O centrista Emmanuel Macron e a populista de direita Marine Le Pen vão se enfrentar no segundo turno da eleição presidencial na França. Após o fechamento das urnas, que deram uma leve vantagem ao ex-ministro da Economia, candidatos derrotados e figuras proeminentes da política e opositores, como os ex-premiês François Fillon, Alain Juppé e Jean-Pierre Raffarin pediram votos para Macron.

Após a divulgação dos resultados, alguns dos candidatos derrotados rapidamente demonstraram seu apoio a Macron para impedir que Le Pen consiga assumir a presidência francesa. O republicano Fillon disse em seu discurso de concessão que a “Frente Nacional (FN) de Le Pen é bem conhecida por sua violência e sua intolerância, e seu programa levaria nosso país à bancarrota e a Europa ao caos”.

“Votarei em Emmanuel Macron e considero que é meu dever dizer isso francamente. Não há outra escolha a não ser votar contra a extrema direita. Cabe a vocês refletirem sobre o que é melhor para seu país e seus filhos”, disse Fillon a correligionários.

O também republicano e ex-primeiro-ministro Alain Juppé proferiu uma mensagem semelhante. “Apoio Macron sem hesitação em seu duelo com a FN, que levaria a França ao desastre. Apelo aos franceses que façam o mesmo.” Outro republicano e também ex-premiê do país, Jean-Pierre Raffarin, expressou seu apoio ao candidato centrista: “Sem hesitação, no que me diz respeito, temos de apoiar Emmanuel Macron”.

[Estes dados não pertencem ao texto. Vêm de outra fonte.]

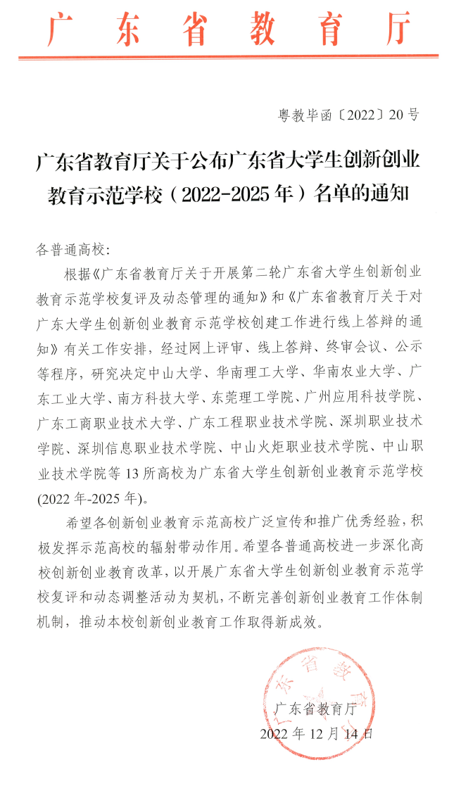12月14日,省教育厅公布新一轮广东省大学生创新创业教育示范学校(2022-2025年)名单(粤教毕函〔2022〕20号),广工成功入选。

O candidato socialista derrotado Hamon, ao lado do atual premiê da França, Bernard Cazeneuve, também encorajou seu eleitorado a apoiar Macron. “Eu solenemente peço por votos para Emmanuel Macron no segundo turno, a fim de derrotar a Frente Nacional e travar o projeto desastroso de Marine Le Pen que levaria a França a retroceder e dividirá o povo francês”, afirmou.

Ao mesmo tempo em que insistiu que Macron “não pertence à esquerda”, Hamon afirmou que há “uma clara distinção entre um adversário político e um inimigo da República”, referindo-se a Macron e Le Pen, respectivamente. No pleito deste domingo, Hamon obteve apenas 6% dos votos. Ele pagou o preço dos baixos índices de popularidade do presidente François Hollande, o primeiro chefe de Estado da Quinta República (fundada em 1958) a não tentar a reeleição.

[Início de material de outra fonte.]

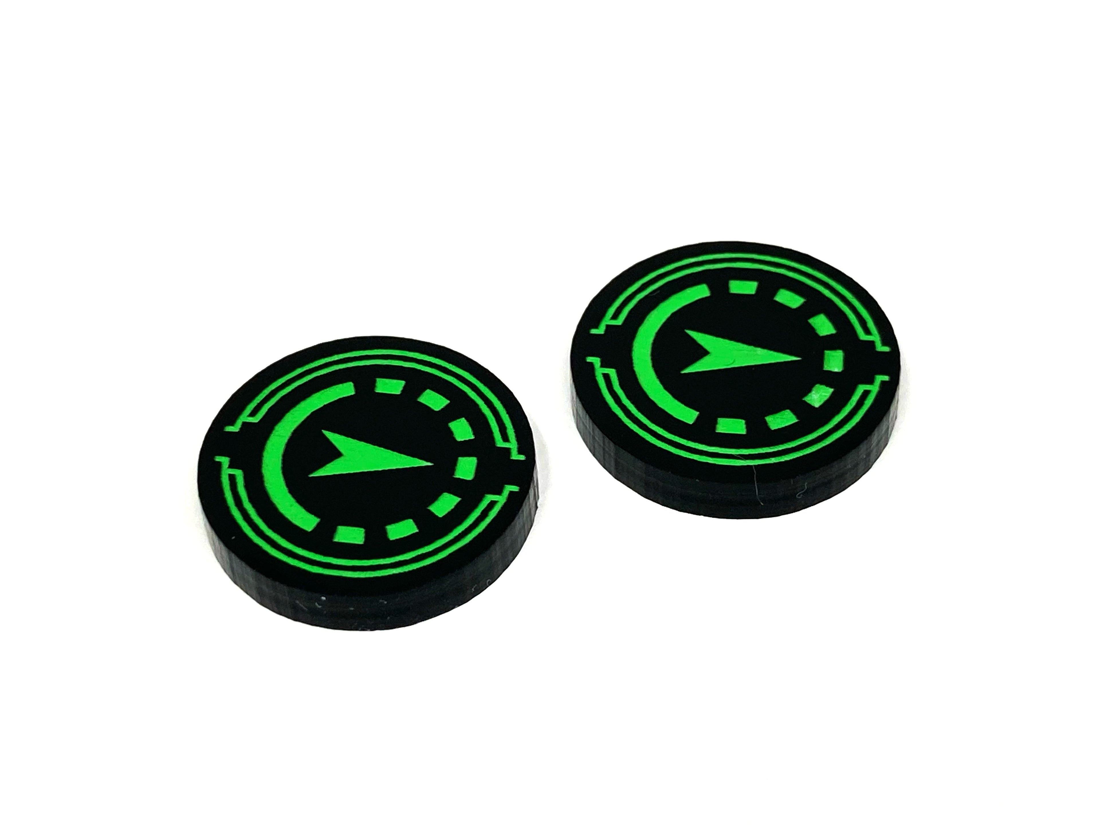 - 2 x Reinforce tokens, laser etched on both sides, cut from 3mm opaque black acrylic and painted green on both sides. Measuring 19mm in diameter.

Infográfico com o resultado do primeiro turno da eleição presidencial da França em 2017

Mélenchon indeciso

Já o candidato da esquerda radical, Jean-Luc Mélenchon, revelou que consultará os militantes de seu movimento, França Insubmissa, para decidir se apoia o centrista Macron ou a populista Le Pen. “Os ‘mediacratas’ [termo pejorativo com que frequentemente se refere aos meios de comunicação e o que considera uma excessiva influência deles sobre a opinião pública] e os oligarcas estão eufóricos. Nada é melhor para eles do que um segundo turno entre dois candidatos que querem prolongar as instituições atuais, que não expressam nenhuma consciência ecológica e que pensam em tomar as conquistas sociais mais elementares”, disse.

Segundo a apuração final dos votos, Macron recebeu 23,86% dos votos, e Le Pen, 21,43%. Seguiram Fillon (19,94%), Mélenchon (19,62%) e Hamon (6,35%). A participação eleitoral foi estimada em 80%, similar à de cinco anos atrás.

Pesquisas de opinião publicadas no domingo deram a Macron uma grande vantagem no segundo turno, marcado para 7 de maio. Uma pesquisa do instituto Harris indicou que Macron ganharia com 64% dos votos contra a 36% para Le Pen. O instituto de pesquisa Ipsos / Sopra Steria obteve um resultado semelhante.

Passado o pleito presidencial, o próximo desafio na França são as eleições legislativas de junho. Quem quer que seja eleito presidente precisará do apoio dos outros partidos para conseguir formar uma maioria parlamentar para governar. Na França, o presidente nomeia o primeiro-ministro. E, normalmente, o premiê é escolhido porque lidera a corrente política mais poderosa dentro da maioria na Assembleia Nacional.

*Com informações do DW.

Sobre Redação do Jornal Grande Bahia 109697 Artigos
O Jornal Grande Bahia (JGB) é um portal de notícias com sede em Feira de Santana e abrange as Regiões Metropolitanas de Feira de Santana e Salvador. Para enviar informações, fazer denúncias ou comunicar erros do jornal mantenha contato através do e-mail: [email protected]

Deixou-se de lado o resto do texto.